> PROBLEM TO WORK ON
Your copy of the data below must be exact and must leave out all pictures.

> GIVEN RECORDS
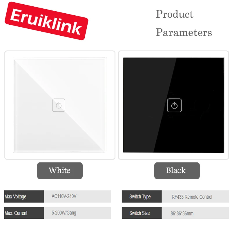 Acheter EU UK Standard Eruiklink 1 2 3 Gang RF433 Télécommande Mur Tactile Interrupteur, sans fil À Distance Des Interrupteurs de Commande Maison Intelligente Pas Cher En Ligne
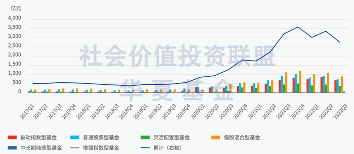 图表4 中国各类ESG主题基金总规模变化(按基金类型分)
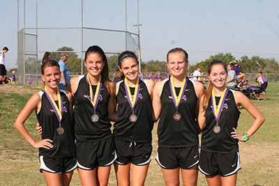 PHOTO 1: The Marble Falls High School varsity girls cross-country team includes Darby Hibbs (left), Sarah Stripling, Katelyn Corley, Haley Stephens and Tess Johnson. Staff photos by Jennifer Fierro
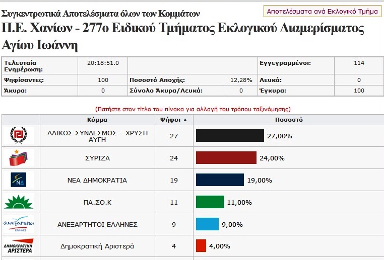 Ιδιαίτερα αποκαλυπτικά είναι τα αποτελέσματα στα εκλογικά τμήματα σε Χανιά , Ηράκλειο και Λασίθι στα οποία ψήφισαν βάση ειδικών εκλογικών καταλόγων, οι αστυνομικοί των διευθύνσεων και οι κρατούμενοι που έχουν δικαίωμα ψήφου, όπως αναφέρει το flashnews.gr.
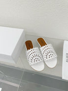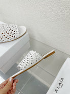 ALAIA VIENNE FLAT MULES IN WHITE LAMBSKIN
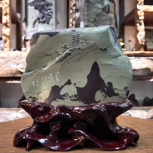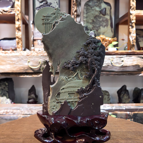 Originating from the Helan Mountains in Ningxia, China, this treasure has been naturally nurtured over 1.3 billion years. Its unique purple and green dual colors symbolize wisdom and harmony. Each piece is hand-carved, carrying Eastern blessings and good fortune, resilience and longevity, wealth and prosperity, as well as success and balance, making it a unique work of art.
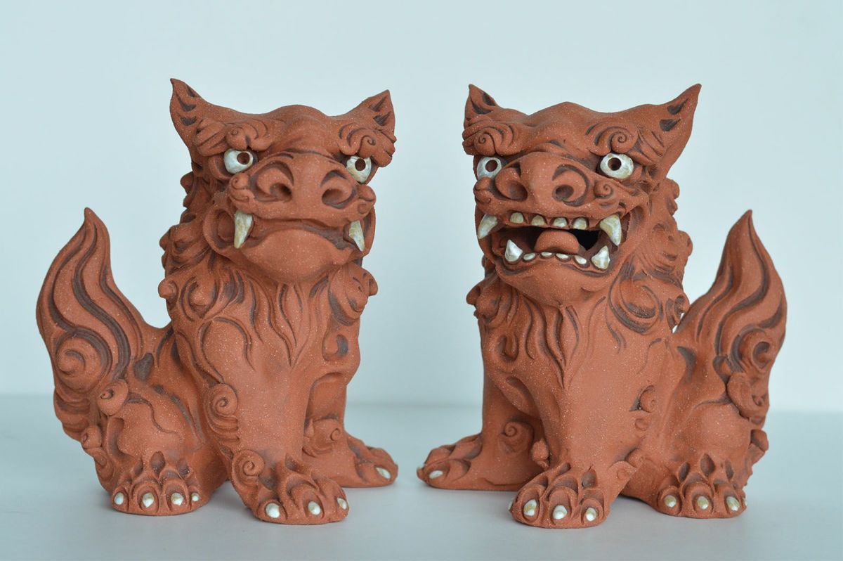 【一点もの】手びねり立型シーサーペア / 湧田陶器
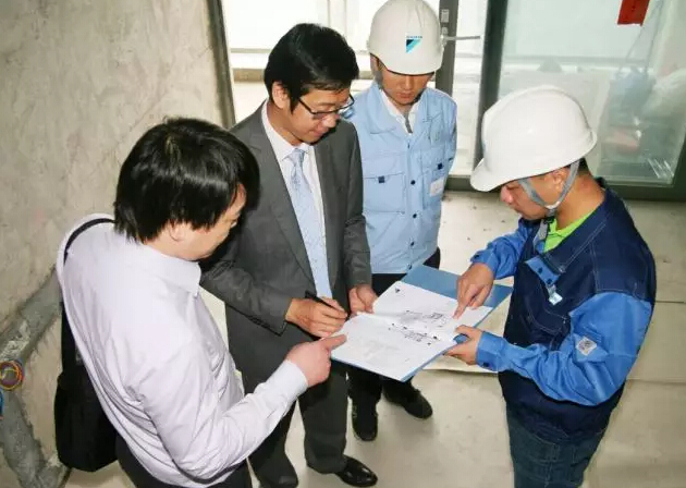 工事溝通現場:家用中央空調的安裝事先需要用戶、內裝公司及PROSHOP安裝團隊充分溝通。
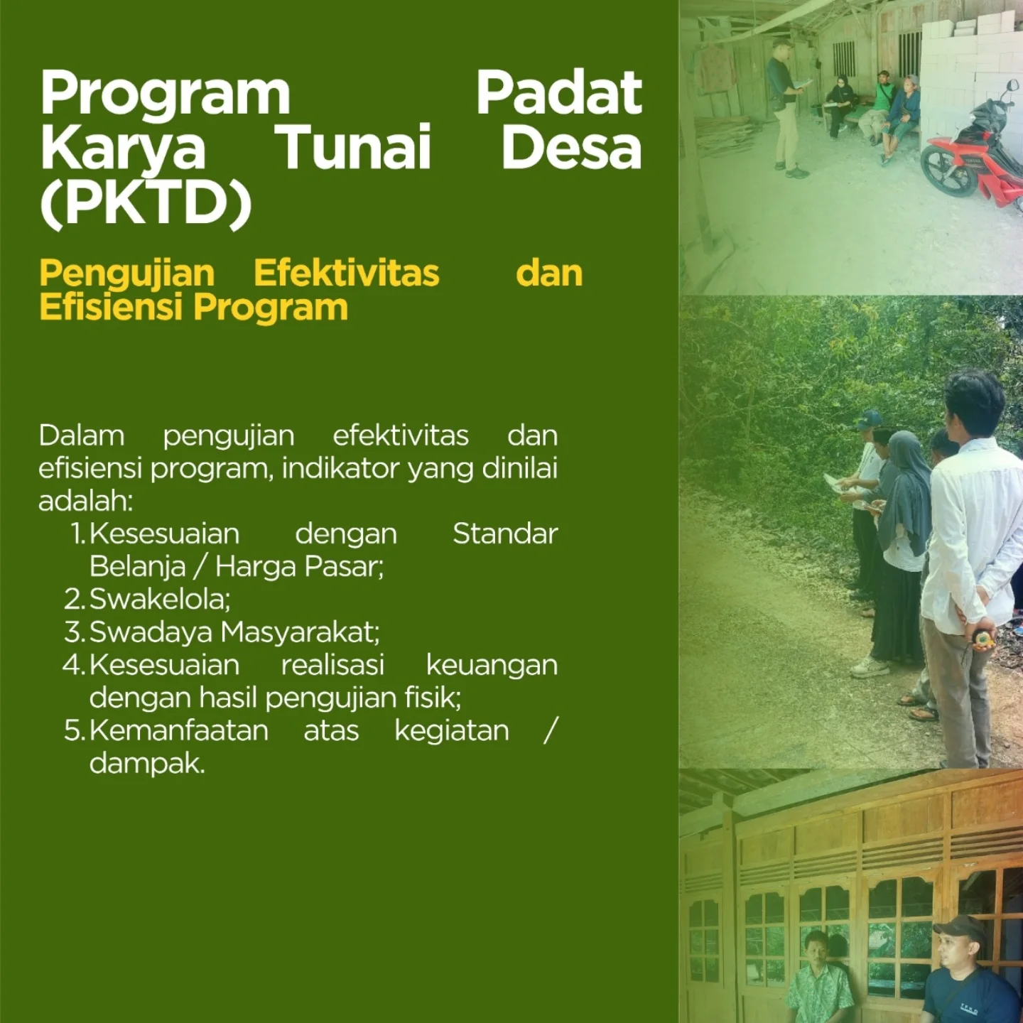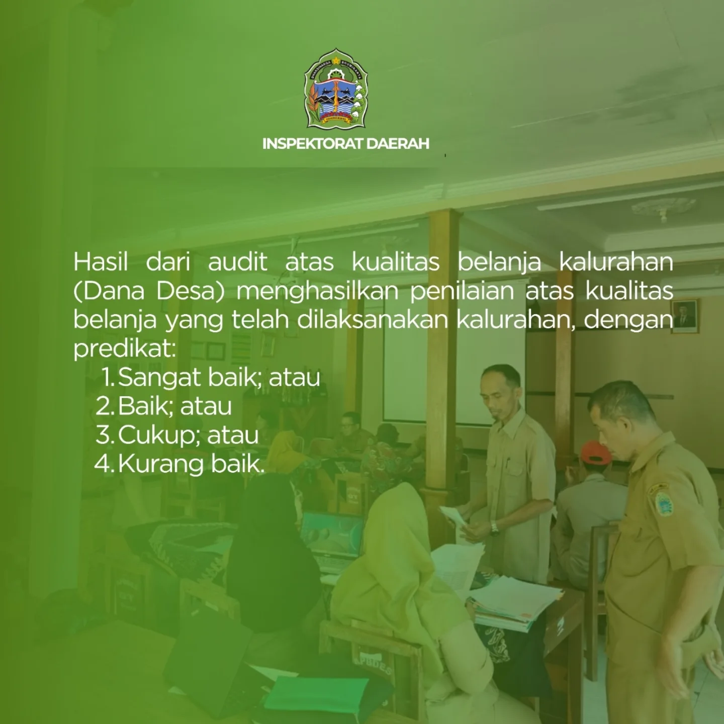 Dalam rangka mewujudkan transparansi, akuntabilitas, tertib dan disiplin anggaran, serta partisipasi dalam pengelolaan keuangan kalurahan, Inspektorat Daerah Kab. Gunungkidul melaksanakan pengawasan pengelolaan keuangan desa, salah satunya dalam bentuk audit terkait kualitas belanja kalurahan.
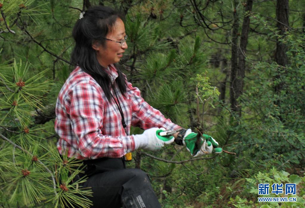 2011年,高信芬在四川省乡城县采集绢毛蔷薇小苗,准备将该品种迁地保育(资料照片)。新华社发
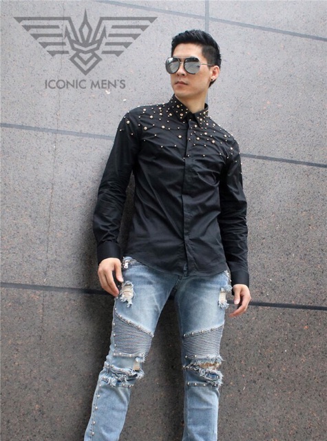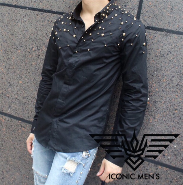 Sơ mi nam cao cấp !Trên nền đen và trắng cơ bản được điểm tô thêm những hạt cườm giúp chiếc áo không còn đơn điệu mà tăng thêm sự cá tính , nổi bật và vẻ nhấn nhá một cách độc đáo mới lạ!
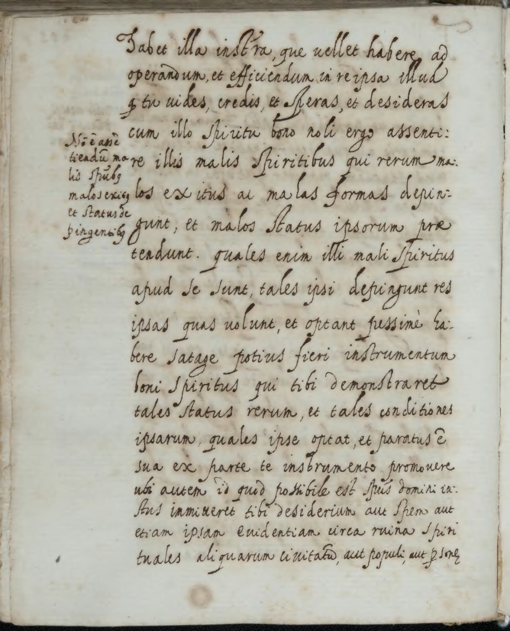 habet illa instrumenta, que vellet habere, ad operandum, et efficiendum in re ipsa illud quod tu vides, credis, et speras, et desideras cum illo spiritu bono noli ergo

> WRITTEN RESPONSE
 Acheter EU UK Standard Eruiklink 1 2 3 Gang RF433 Télécommande Mur Tactile Interrupteur, sans fil À Distance Des Interrupteurs de Commande Maison Intelligente Pas Cher En Ligne
 图表4 中国各类ESG主题基金总规模变化(按基金类型分)
 PHOTO 1: The Marble Falls High School varsity girls cross-country team includes Darby Hibbs (left), Sarah Stripling, Katelyn Corley, Haley Stephens and Tess Johnson. Staff photos by Jennifer Fierro
 Ιδιαίτερα αποκαλυπτικά είναι τα αποτελέσματα στα εκλογικά τμήματα σε Χανιά , Ηράκλειο και Λασίθι στα οποία ψήφισαν βάση ειδικών εκλογικών καταλόγων, οι αστυνομικοί των διευθύνσεων και οι κρατούμενοι που έχουν δικαίωμα ψήφου, όπως αναφέρει το flashnews.gr.
 ALAIA VIENNE FLAT MULES IN WHITE LAMBSKIN
 Originating from the Helan Mountains in Ningxia, China, this treasure has been naturally nurtured over 1.3 billion years. Its unique purple and green dual colors symbolize wisdom and harmony. Each piece is hand-carved, carrying Eastern blessings and good fortune, resilience and longevity, wealth and prosperity, as well as success and balance, making it a unique work of art.
 【一点もの】手びねり立型シーサーペア / 湧田陶器
 工事溝通現場:家用中央空調的安裝事先需要用戶、內裝公司及PROSHOP安裝團隊充分溝通。
 Dalam rangka mewujudkan transparansi, akuntabilitas, tertib dan disiplin anggaran, serta partisipasi dalam pengelolaan keuangan kalurahan, Inspektorat Daerah Kab. Gunungkidul melaksanakan pengawasan pengelolaan keuangan desa, salah satunya dalam bentuk audit terkait kualitas belanja kalurahan.
 2011年,高信芬在四川省乡城县采集绢毛蔷薇小苗,准备将该品种迁地保育(资料照片)。新华社发
 Sơ mi nam cao cấp !Trên nền đen và trắng cơ bản được điểm tô thêm những hạt cườm giúp chiếc áo không còn đơn điệu mà tăng thêm sự cá tính , nổi bật và vẻ nhấn nhá một cách độc đáo mới lạ!
 habet illa instrumenta, que vellet habere, ad operandum, et efficiendum in re ipsa illud quod tu vides, credis, et speras, et desideras cum illo spiritu bono noli ergo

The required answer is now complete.